File share sites aren’t going to go away overnight. As soon as a product is released in digital format, it will be pirated. Unfortunately, there’s no way to stop this happening. When the Secret Fire RPG came out, a pirated copy surfaced on the Internet within 24 hours: unfortunately for the dopey git concerned, he’d left his email on the PDF, so I suspect his account with DriveThruRPG was shut down as a result.
I’ve said it before: I don’t condone piracy. Downloading a PDF with a view to buying the hard copy book is very different to knowingly downloading a pirated PDF. The obvious truth is, without product sales, many of the small press games will simply stop producing games or go out of business. Only a handful of companies can afford the legal fees to get sites shut down, and even then, they’re not in the same league as record companies. Unfortunately, there’s not much that can be done to stop people ripping you off.
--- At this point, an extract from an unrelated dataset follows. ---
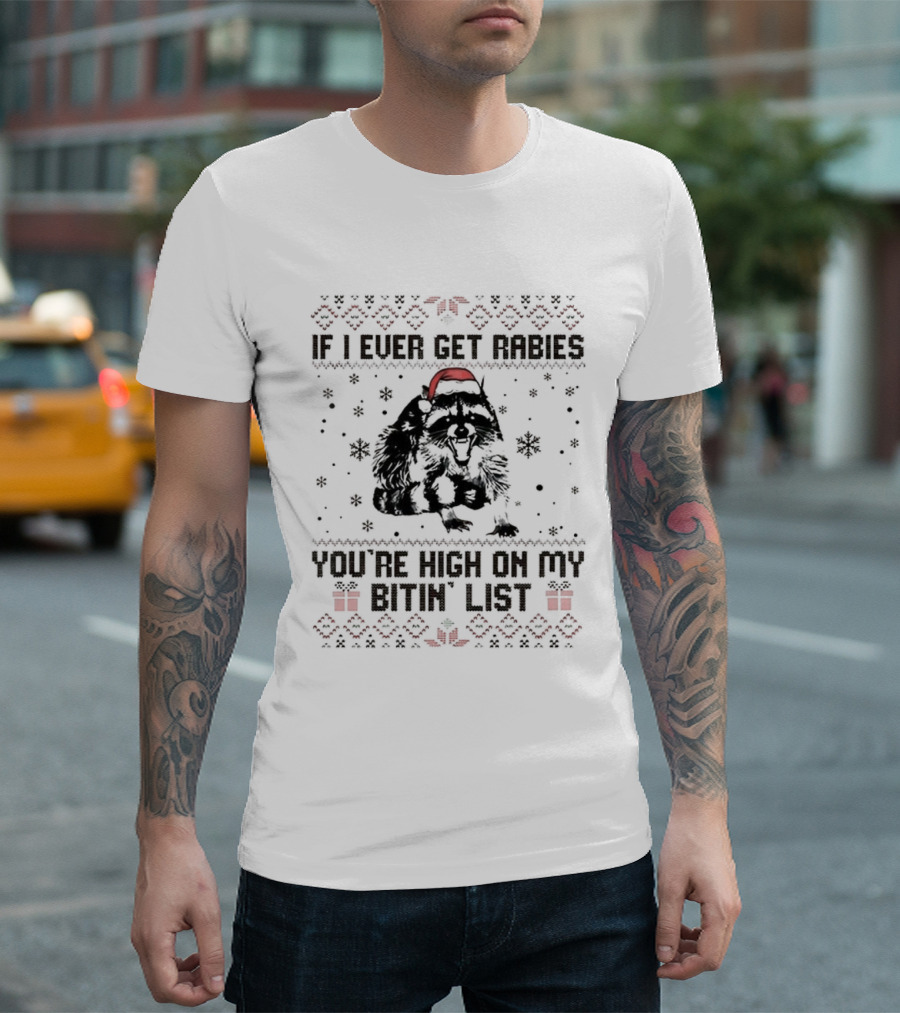Raccoon If I Ever Get Rabies You're High On My Bitin' List Ugly Christmas Sweater Santa Hat Snowflakes Present T-Shirt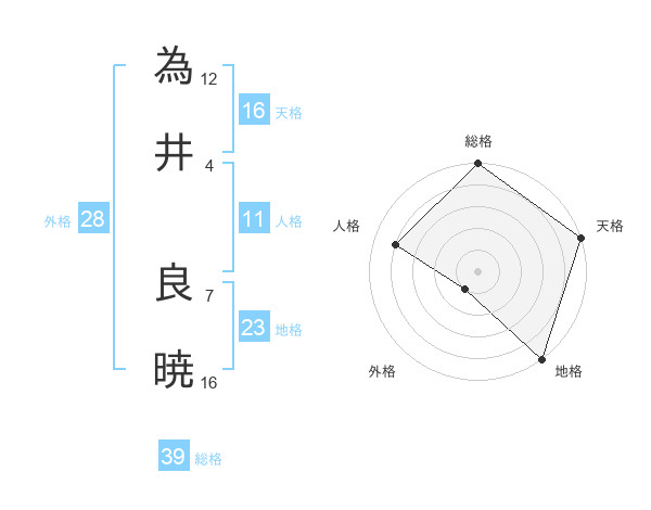 為井 良暁さんの天格は16画の5点!

One of the creators of Cthulhutech, Matthew Grau, summed up the current situation for small-press games last October on the Cthulhutech website.
I remember a day when a mediocre release of a game book sold 3000-5000 copies, with healthy restock orders. Now, a successful release might sell 1000, if you are lucky, selling through the rest of your 3000 unit print run in three years – many companies print far less. Not only is the industry shrinking, but people don’t have to pay for their gaming books any more if they don’t want to. Unfortunately, unlike the music industry, we are not made of money. It costs a surprisingly large amount of money to develop a well-written and attractive gaming book and the return is not so hot. Without those extra sales, the traditional model of core plus regular supplementation isn’t really viable.
– Matthew Grau, Wildfire LLC
Now, here’s the thing: D&D, Eclipse Phase, Pathfinder and FATE have all released their rules on the internet, either OGL (Open Gaming License) or through a SRD (System Reference Document). These systems largely make RPG piracy minor as everything can be found online, although it does still take place. When you buy the book, you’re usually buying background information, the “fluff”, from these companies. Also, many folks resort to illegal PDFs when they’re unable to source old material – which is why Wizards have likely re-released their 1st edition publications. Although I wonder if any of the artists and contributors to those works will receive any royalties?
As such, I ‘d considered the best way to prevent piracy of the Mandragora: Ashes of Freedom RPG. In short, I’m not: instead, I’ll make use of it. As I’ll be using FATE, which is already OGL, there’s very little that won’t already be out there, either as part of the OGL for FATE or material that I’ll make available on the site. Copies of the rules may crop up on the ‘net, but this could help as a sort of viral marketing, especially if they are quick-start rules.
At one point Wizards of the Coast had their old adventures in PDF form, free to download. Then they dropped it and sold them online. Then they stopped making them available, citing piracy, which only made their products pirated more. Unfortunately the business model of having one form of product for sale just doesn’t work any more: when Wizards dropped their PDF sales, they made a serious mistake in my view.
Simply put: if there’s no reason to pirate your work, why bother? Although I have a few rulebooks in PDF, they’re no substitute for a hard copy version during play! With that in mind, the solution to RPG piracy is pretty clear: make your rules, or any antiquated or dead product, available online. Anyone that then pirates your work is clearly doing something illegal – so you can rain down whatever kind of legal hell if you want.
Unfortunately, RPG Piracy is here to stay, legislation or not. Until the internet becomes a police state – hopefully never – piracy will exist. If you’re a publisher, use it to your advantage.